DIRECTIONS> Going through the material below, output exactly the lines from the one containing "1月11日,游客在石家莊市正定縣冰雪嘉年華游玩。" through the one containing "Женщины (а в", and no pictures.
<<<<
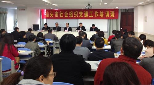 2013年12月25日,由汕头市民政局、汕头市社会组织管理局、汕头市社会组织党委主办的汕头市社会组织党建工作培训班在市经济管理干部学校举办。来自市级17个社会组织党组织及市级社会组织协会近100名工作者参加此次培训。市委组织部副部长林俊扬、市民政局副局长洪瑞沣、市社会组织管理局局长许彦恭、市局领导赖辉太、李旭东等人出席现场,并做了开班动员。
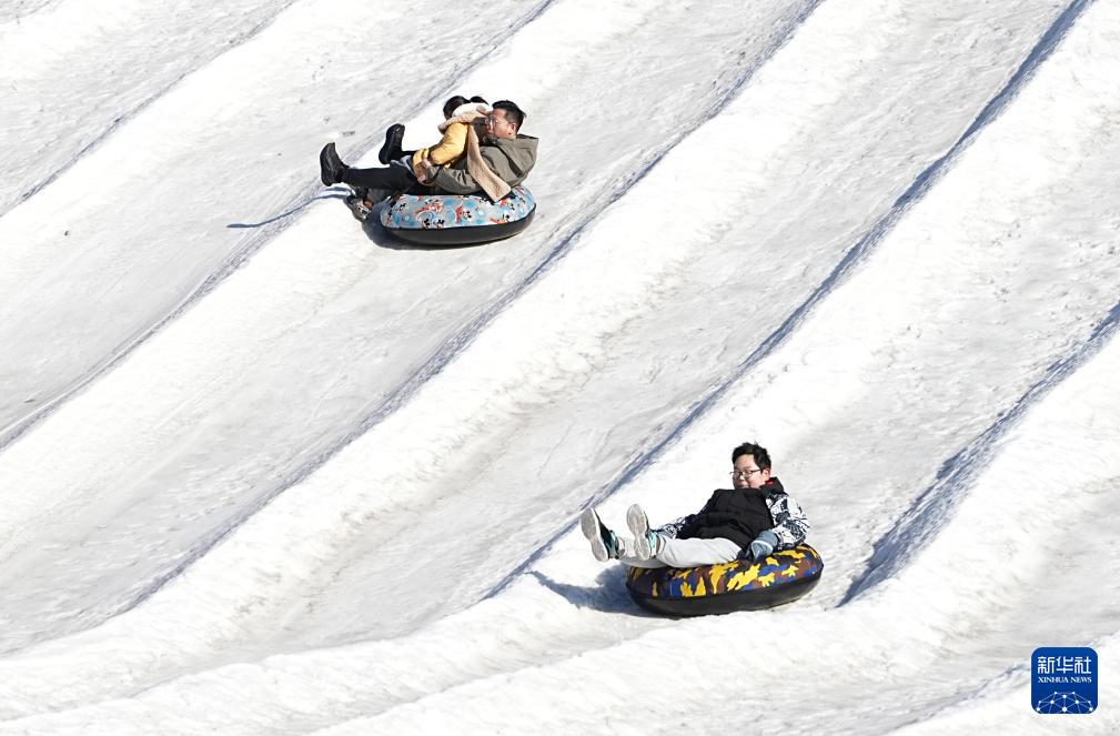 1月11日,游客在石家莊市正定縣冰雪嘉年華游玩。
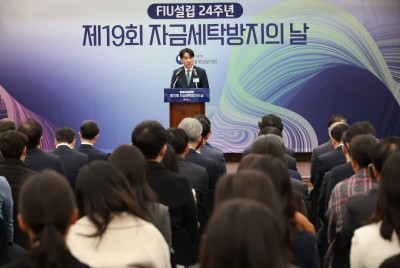자금세탁방지의 날 기념식, 환영사 하는 이형주 FIU 원장
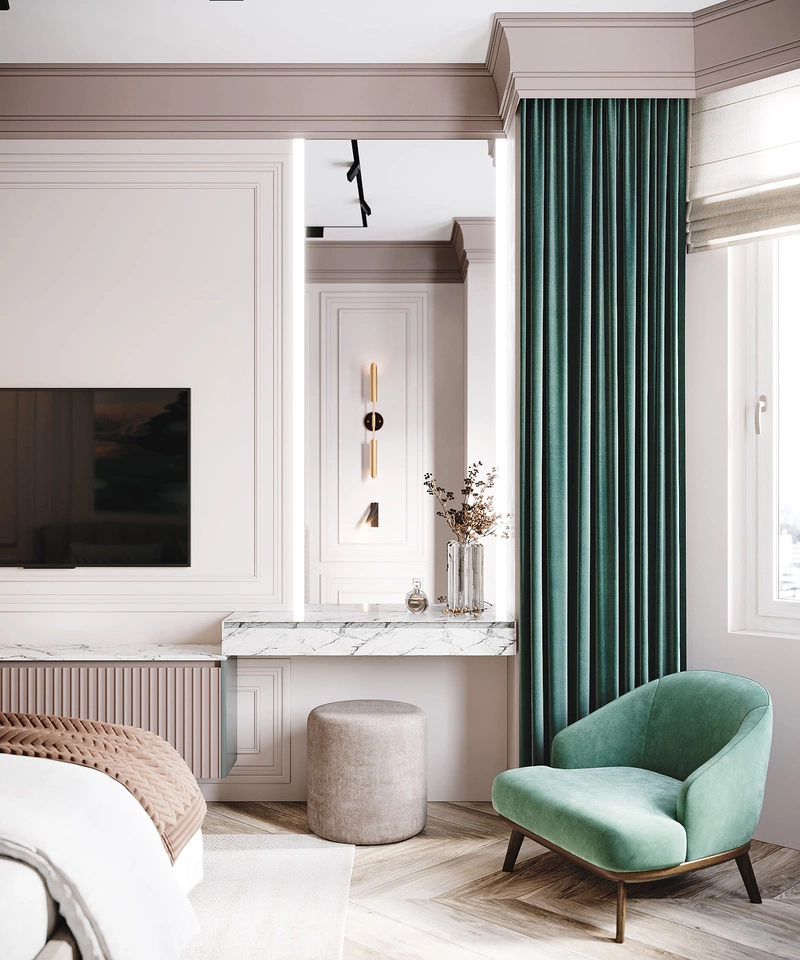 Посмотреть проектДизайн интерьера квартиры в стиле современная классика с элементами дерева 112 м²
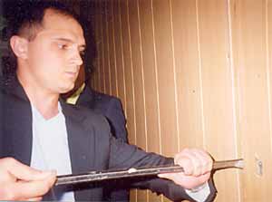 Женщины (а в ателье работают, конечно же, только женщины) выметаться не стали и заперлись в помещении. Тогда нетерпеливый новый собственник Александр Леоненков попытался вскрыть дверь ломом (см. фото). Разумеется, эти действия сопровождались соответствующими выражениями.
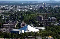 The original tensile roof on the MNP Community & Sport Centre was constructed in 1983 and remained in service longer than anticipated. After a two-year review regarding options for the existing roof, City Council approved funding for a new-and-improved roof system. While maintaining the original roof's profile, the new roof system made use of new materials such as Nanogel aerogel thus providing better insulation and energy efficiency while also allowing a significant amount of light to filter into the building's interior.[3][4]
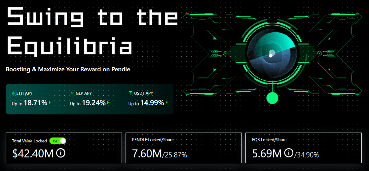 By locking up $EQB, users can earn a share of the protocol revenue in the form of $ePENDLE and extra rewards.
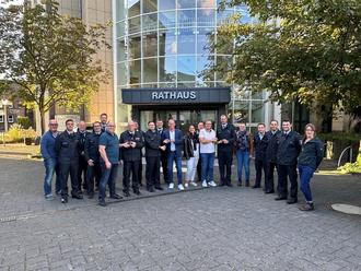 Jörg Lempertz, Bürgermeister VG Mendig, übergab die neuen Digitalen Meldeempfänger zusammen mit den Beigeordneten, Joachim Plitzko und Ralf Kraut, sowie Vertretern und Vertreterinnen der Verbandsgemeinderatsfraktionen an die Wehrleitung der Verbandsgemeinde und die Wehrführungen der örtlichen Feuerwehren.
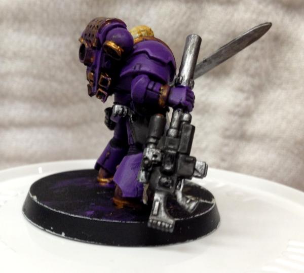SM Command Squad. Instead of using regular shoulder pads I went ahead and used the champion ones as I think they look cooler. The sniper rifle came from the scout sniper box and the sword is a pretty standard one. Also, I have a base coming from
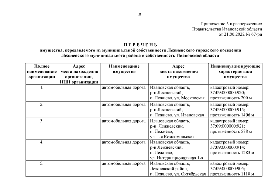 Распоряжение Правительства Ивановской области от 21.06.2022 N 67-рп "О передаче автомобильных дорог и о внесении изменения в распоряжение Правительства Ивановской области от 02.07.2008 N 222-рп "Об утверждении перечня автомобильных дорог общего пользования регионального или межмуниципального значения Ивановской области" (вместе с "Перечнем имущества, передаваемого из муниципальной собственности городского округа Кинешма в собственность Ивановской области", "Перечнем имущества, передаваемого из муниципальной собственности Заволжского муниципального района в собственность Ивановской области", "Перечнем имущества, передаваемого из муниципальной собственности Комсомольского муниципального района в собственность Ивановской области", "Перечнем имущества, передаваемого из муниципальной собственности Комсомольского городского поселения Комсомольского муниципального района в собственность Ивановской области", "Перечнем имущества, передаваемого из муниципальной собственности Лежневского городского поселения Лежневского муниципального района в собственность Ивановской области", "Перечнем имущества, передаваемого из муниципальной собственности Наволокского городского поселения Кинешемского муниципального района в собственность Ивановской области", "Перечнем имущества, передаваемого из муниципальной собственности Плесского городского поселения Приволжского муниципального района в собственность Ивановской области", "Перечнем имущества, передаваемого из муниципальной собственности Савинского городского поселения Савинского муниципального района в собственность Ивановской области", "Перечнем имущества, передаваемого из муниципальной собственности Фурмановского муниципального района в собственность Ивановской области", "Перечнем имущества, передаваемого из собственности Ивановской области в муниципальную собственность Верхнеландеховского муниципального района", "Перечнем имущества, передаваемого из собственности Ивановской области в муниципальную собственность Заволжского муниципального района", "Перечнем имущества, передаваемого из собственности Ивановской области в муниципальную собственность Кинешемского муниципального района", "Перечнем имущества, передаваемого из собственности Ивановской области в муниципальную собственность Лухского муниципального района", "Перечнем имущества, передаваемого из собственности Ивановской области в муниципальную собственность Палехского муниципального района", "Перечнем имущества, передаваемого из собственности Ивановской области в муниципальную собственность Пучежского муниципального района", "Перечнем имущества, передаваемого из собственности Ивановской области в муниципальную собственность муниципального образования "Родниковский муниципальный район", "Перечнем имущества, передаваемого из собственности Ивановской области в муниципальную собственность Савинского муниципального района", "Перечнем имущества, передаваемого из собственности Ивановской области в муниципальную собственность Шуйского муниципального района", "Перечнем имущества, передаваемого из собственности Ивановской области в муниципальную собственность Южского муниципального района")
>>>>
SOLUTION>
 1月11日,游客在石家莊市正定縣冰雪嘉年華游玩。
자금세탁방지의 날 기념식, 환영사 하는 이형주 FIU 원장
 Посмотреть проектДизайн интерьера квартиры в стиле современная классика с элементами дерева 112 м²
 Женщины (а в ателье работают, конечно же, только женщины) выметаться не стали и заперлись в помещении. Тогда нетерпеливый новый собственник Александр Леоненков попытался вскрыть дверь ломом (см. фото). Разумеется, эти действия сопровождались соответствующими выражениями.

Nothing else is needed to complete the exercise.